Síntesis de bacteriófagos infecciosas en una e. coli -basan sistema de expresión libre
Summary
Una nueva generación de plataformas de transcripción-traducción libre de la célula ha sido diseñada para la construcción de sistemas bioquímicos en vitro a través de la ejecución de circuitos de gene. En este artículo describimos cómo bacteriófagos como MS2, ΦΧ174 y T7, son sintetizados a partir de su genoma mediante un todo e. coli sin células TXTL sistema.
Abstract
Una nueva generación de sistemas libres de células transcripción-traducción (TXTL), diseñado para tener una mayor versatilidad y modularidad, proporcionar nuevas capacidades para ciencias básicas y aplicadas en reacciones de tubo de ensayo. En la última década, TXTL libres de células se ha convertido en una técnica poderosa para una amplia gama de la biología relacionados con cuantitativa y sintética de áreas nuevas investigaciones multidisciplinarias. Las nuevas plataformas TXTL son particularmente útiles para construir e interrogar a sistemas bioquímicos a través de la ejecución de circuitos gen sintético o natural. In vitro TXTL ha demostrado conveniente rápidamente elementos reguladores del prototipo y redes biológicas así que recapitulemos molecular autoensamblaje mecanismos encontraron en los sistemas vivos. En este artículo describimos cómo infecciosos bacteriófagos, como el MS2 (RNA), ΦΧ174 (ssDNA) y T7 (dsDNA), son sintetizados totalmente de su genoma en las reacciones de un pote con Escherichia coli, un sistema libre de células TXTL. Síntesis de los tres colífagos se cuantifican utilizando el ensayo de placa. Mostramos cómo la producción de fagos sintetizada depende de los parámetros bioquímicos de las reacciones. Hacinamiento molecular, emulado a través de una concentración controlada de PEG 8000, afecta a la cantidad de fagos sintetizadas por órdenes de magnitud. También describimos cómo amplificar los phages y purificar sus genomas. El conjunto de protocolos y resultados presentados en este trabajo debe ser de interés para los investigadores multidisciplinarios involucrados en Bioingeniería y biología sintética sin células.
Introduction
En la última década, la tecnología de libre expresión ha sido diseñada para aplicaciones novedosas de dirección en biología relacionados con sintético y cuantitativa de áreas emergentes de investigación multidisciplinar. Originalmente utilizado para expresar las proteínas de un organismo vivo, se han desarrollado nuevos sistemas acelulares de TXTL para ambas ciencias básicas y aplicadas1,2, ampliar considerablemente el alcance de esta tecnología. La nueva generación de plataformas TXTL ha sido diseñada para ser fácil de usar, más eficiente (llegar a 2 mg/mL de síntesis de proteínas en modo batch3), más versátil a nivel de transcripción4y modular para integran fácilmente novela natural o funciones sintéticas que amplían las capacidades de los sistemas biológicos5,6. En particular, sistemas TXTL libres de células se han convertido en útiles para la creación rápida de prototipos de programas genéticos, tales como elementos reguladores o pequeños circuitos genéticos7,8,9, mediante la reducción de la prueba de diseño-construcción ciclo a unos pocos días. Sorprendentemente, los nuevos sistemas TXTL también son capaces de procesar grandes programas de ADN como la síntesis completa de colífagos10,11, demostrando fuerte suficientes prestaciones para apoyar la reconstitución del activo genómica DNA codificadas entidades vivientes.

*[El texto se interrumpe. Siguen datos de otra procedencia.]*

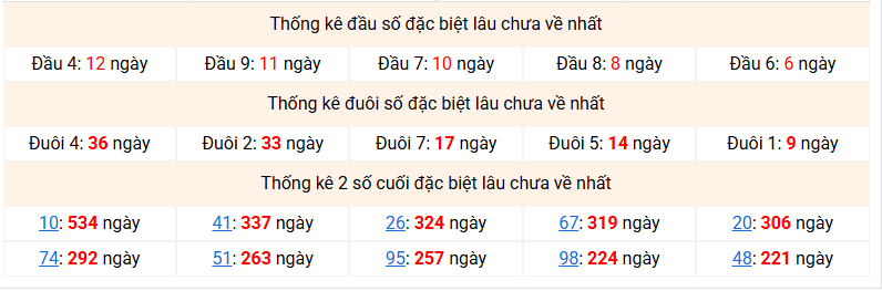 ⚡ Thống kê giải đặc biệt lâu chưa về: 10 - 41 - 26 - 67 - 20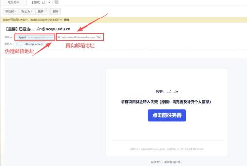近日监测发现,部分师生收到伪造的钓鱼邮件。该邮件发件人显示为“财务部”,伪造发件地址为“cwb@nce pu.edu.cn”,具有较强迷惑性,相关邮件示例如下: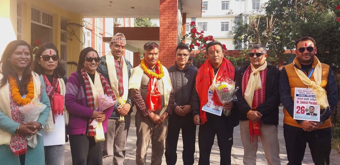 केहीबेरअघि सकिएको मतगणनामा डा.शेर्पाले ५२३४ मत ल्याएर जित हात पारेका हुन् । उनका नजिकका प्रतिस्पर्धी डा.गुरुशरण शाहले ४३५० मत पाए । उपाध्यक्षका अर्का उम्मेदवार डा. अजयसिंह थापाले १८४४ मत प्राप्त गरेका छन् ।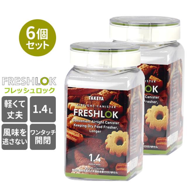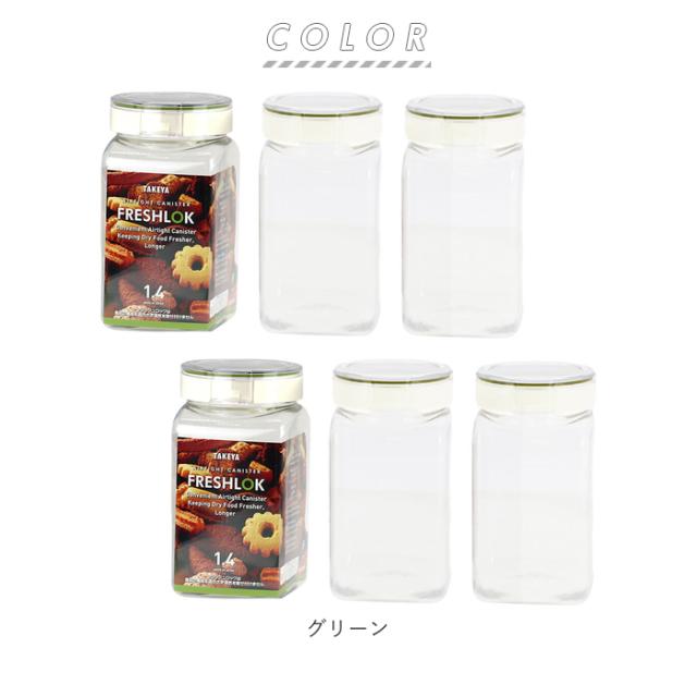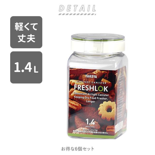 フレッシュロック セット 通販 FRESHLOK 角型 1.4L 6個セット 保存容器 おしゃれ プラスチック製 PET素材 緑 グリーン キッチン収納 調味料入れ 冷蔵庫収納 引き出し収納 調味料 粉物 パスタ キャニスター ストッカー TAKEYA タケヤ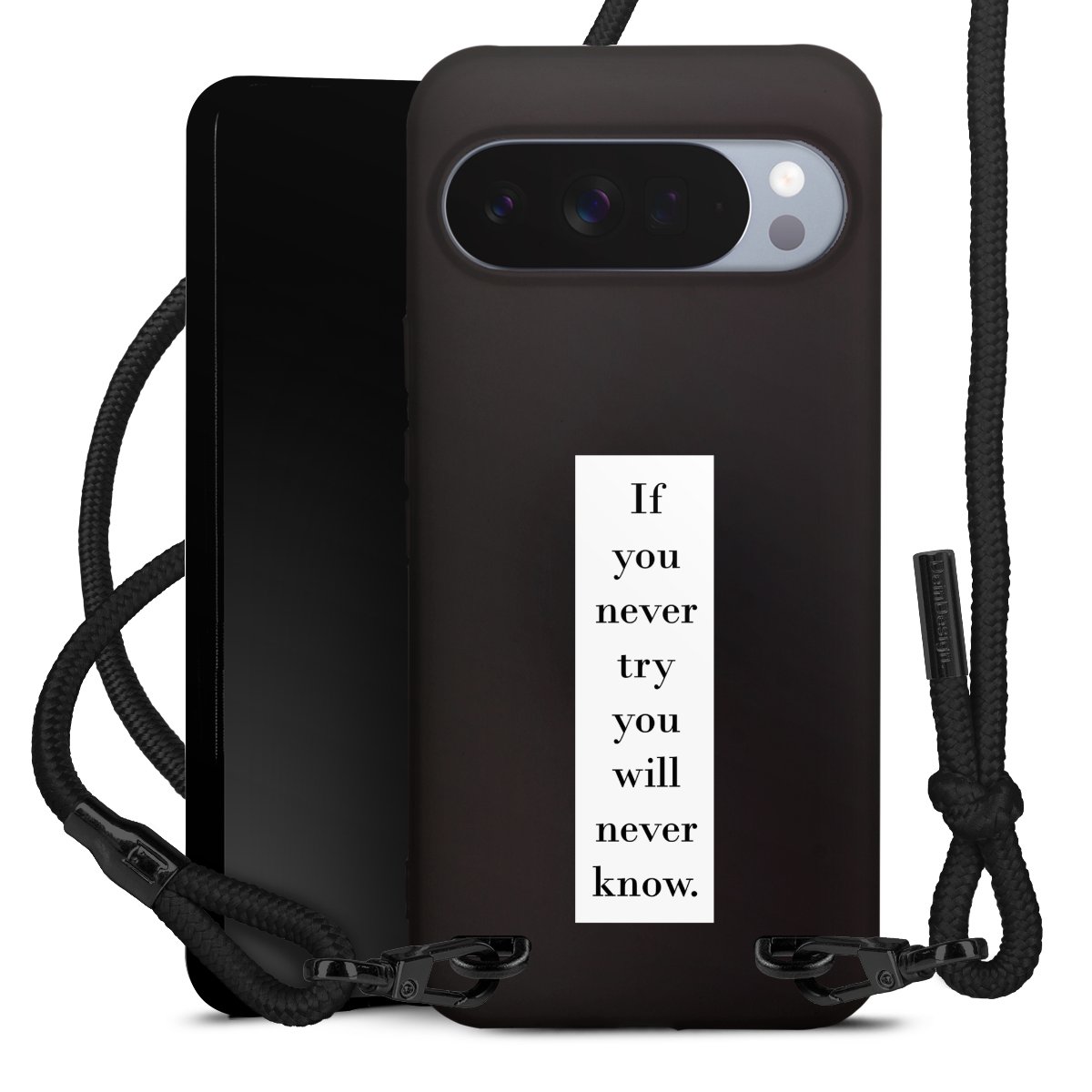 The matt black silicone case is made of flexible TPU (thermoplastic polyurethane) and offers robust protection. The durable, unbreakable material makes the cover flexible and dimensionally stable at the same time. The matte surface makes your design stand out more and is less susceptible to fingerprints and dirt. The stylish trend accessory fits comfortably in the hand and is perfectly complemented by the fabric (polyester) mobile phone strap. The braided fabric strap is approx. 1.70 metres long with a diameter of approx. 0.5 cm. Due to the special knotting technique, the length of the strap can be adjusted by simply pulling it, so that you can adapt it individually to your wishes. The practical case to wear around your neck is available with the fabric strap in black. As a little icing on the cake, we have provided the strap with a chic metal fastener in matt black. The strap is securely fastened to the case with loops made of high-quality genuine leather and press studs. The ends of the fabric strap are covered with metallic end caps and thus protected from fraying.

TXTL sistemas presentan muchas ventajas técnicas en comparación con el tradicional en vitro constructivo ensayos bioquímicos. Sin células TXTL vincula el proceso de la expresión génica al producto final en un ambiente reducido y abierto, en comparación con el complejo citoplasma de una célula viva. TXTL usa ADN para reconstruir sistemas bioquímicos en vitro, que, con modernas técnicas de la Asamblea de ADN, es asequible y rápido además de no requerir pasos de purificación de proteína fastidioso. Expresión libre de la célula proporciona acceso directo a la mayoría de los componentes de las reacciones bioquímicas, lo que permite una disección más profunda de las interacciones moleculares12. En una reacción TXTL, uno puede cambiar los ajustes bioquímicos y biofísicos en la voluntad, que es casi imposible en una célula viva. Teniendo en cuenta estas ventajas y mejoras recientes, la tecnología TXTL se está convirtiendo en cada vez más popular como una plataforma alternativa para la biología sintética y cuantitativa. Mientras que la comunidad de investigación usando TXTL está creciendo rápidamente y TXTL se está convirtiendo en una tecnología estándar de la bioingeniería, es esencial para entender cómo utilizar las plataformas para el desarrollo de prácticas apropiadas y relacionadas con la ejecución de reacciones TXTL y a la interpretación de los resultados.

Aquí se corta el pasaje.